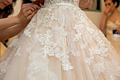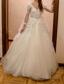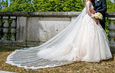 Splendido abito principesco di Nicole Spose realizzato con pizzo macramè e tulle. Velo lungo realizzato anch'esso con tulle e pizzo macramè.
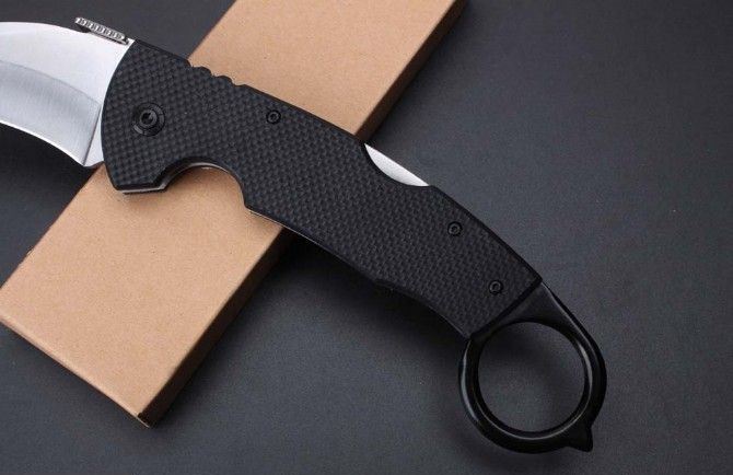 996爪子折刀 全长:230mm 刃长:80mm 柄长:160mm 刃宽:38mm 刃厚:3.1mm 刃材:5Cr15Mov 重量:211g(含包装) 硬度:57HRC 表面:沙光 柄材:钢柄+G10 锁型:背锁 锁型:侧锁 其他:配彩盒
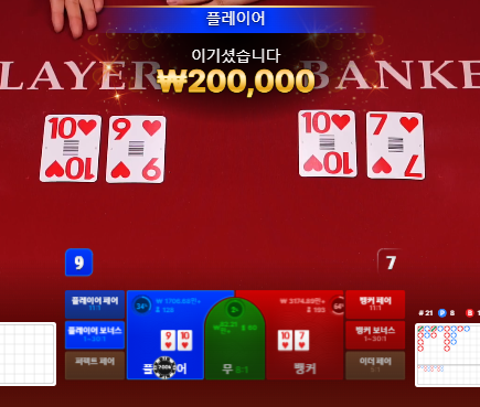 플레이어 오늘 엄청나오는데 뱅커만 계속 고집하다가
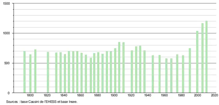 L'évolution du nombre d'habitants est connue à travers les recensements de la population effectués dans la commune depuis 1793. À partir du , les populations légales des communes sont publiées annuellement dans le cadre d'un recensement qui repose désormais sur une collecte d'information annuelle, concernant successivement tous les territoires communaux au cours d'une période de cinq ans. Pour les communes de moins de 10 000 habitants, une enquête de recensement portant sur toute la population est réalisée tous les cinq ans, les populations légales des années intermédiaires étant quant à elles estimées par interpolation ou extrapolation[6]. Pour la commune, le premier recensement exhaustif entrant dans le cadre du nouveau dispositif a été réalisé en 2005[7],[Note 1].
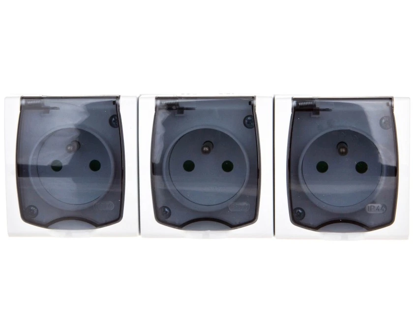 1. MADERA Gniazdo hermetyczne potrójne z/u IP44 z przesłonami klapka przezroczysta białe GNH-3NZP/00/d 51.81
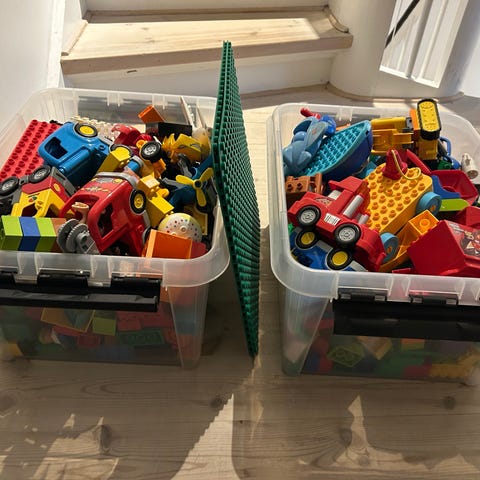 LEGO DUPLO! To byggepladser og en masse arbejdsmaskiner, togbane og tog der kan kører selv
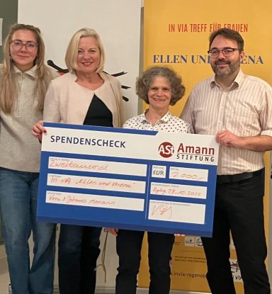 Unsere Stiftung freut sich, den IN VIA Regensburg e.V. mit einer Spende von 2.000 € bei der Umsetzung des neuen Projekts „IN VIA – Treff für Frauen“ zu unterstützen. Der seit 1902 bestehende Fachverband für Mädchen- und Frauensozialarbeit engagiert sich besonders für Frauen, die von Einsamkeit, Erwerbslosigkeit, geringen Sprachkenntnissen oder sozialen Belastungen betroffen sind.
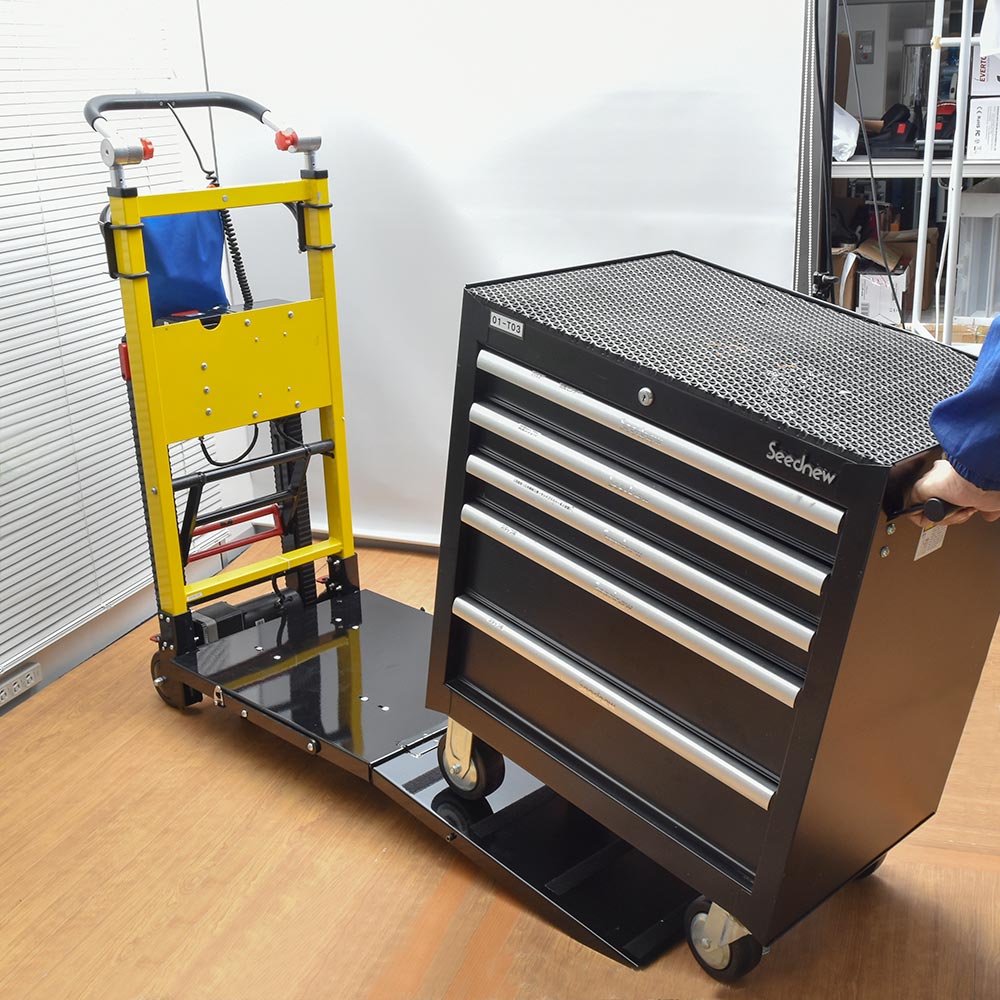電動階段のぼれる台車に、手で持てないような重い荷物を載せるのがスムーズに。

WORK TO BE COMPLETED | Copy all the material word for word, minus its pictures.

ANSWER SPACE |
 Splendido abito principesco di Nicole Spose realizzato con pizzo macramè e tulle. Velo lungo realizzato anch'esso con tulle e pizzo macramè.
 996爪子折刀 全长:230mm 刃长:80mm 柄长:160mm 刃宽:38mm 刃厚:3.1mm 刃材:5Cr15Mov 重量:211g(含包装) 硬度:57HRC 表面:沙光 柄材:钢柄+G10 锁型:背锁 锁型:侧锁 其他:配彩盒
 플레이어 오늘 엄청나오는데 뱅커만 계속 고집하다가
 L'évolution du nombre d'habitants est connue à travers les recensements de la population effectués dans la commune depuis 1793. À partir du , les populations légales des communes sont publiées annuellement dans le cadre d'un recensement qui repose désormais sur une collecte d'information annuelle, concernant successivement tous les territoires communaux au cours d'une période de cinq ans. Pour les communes de moins de 10 000 habitants, une enquête de recensement portant sur toute la population est réalisée tous les cinq ans, les populations légales des années intermédiaires étant quant à elles estimées par interpolation ou extrapolation[6]. Pour la commune, le premier recensement exhaustif entrant dans le cadre du nouveau dispositif a été réalisé en 2005[7],[Note 1].
 1. MADERA Gniazdo hermetyczne potrójne z/u IP44 z przesłonami klapka przezroczysta białe GNH-3NZP/00/d 51.81
 LEGO DUPLO! To byggepladser og en masse arbejdsmaskiner, togbane og tog der kan kører selv
 Unsere Stiftung freut sich, den IN VIA Regensburg e.V. mit einer Spende von 2.000 € bei der Umsetzung des neuen Projekts „IN VIA – Treff für Frauen“ zu unterstützen. Der seit 1902 bestehende Fachverband für Mädchen- und Frauensozialarbeit engagiert sich besonders für Frauen, die von Einsamkeit, Erwerbslosigkeit, geringen Sprachkenntnissen oder sozialen Belastungen betroffen sind.
電動階段のぼれる台車に、手で持てないような重い荷物を載せるのがスムーズに。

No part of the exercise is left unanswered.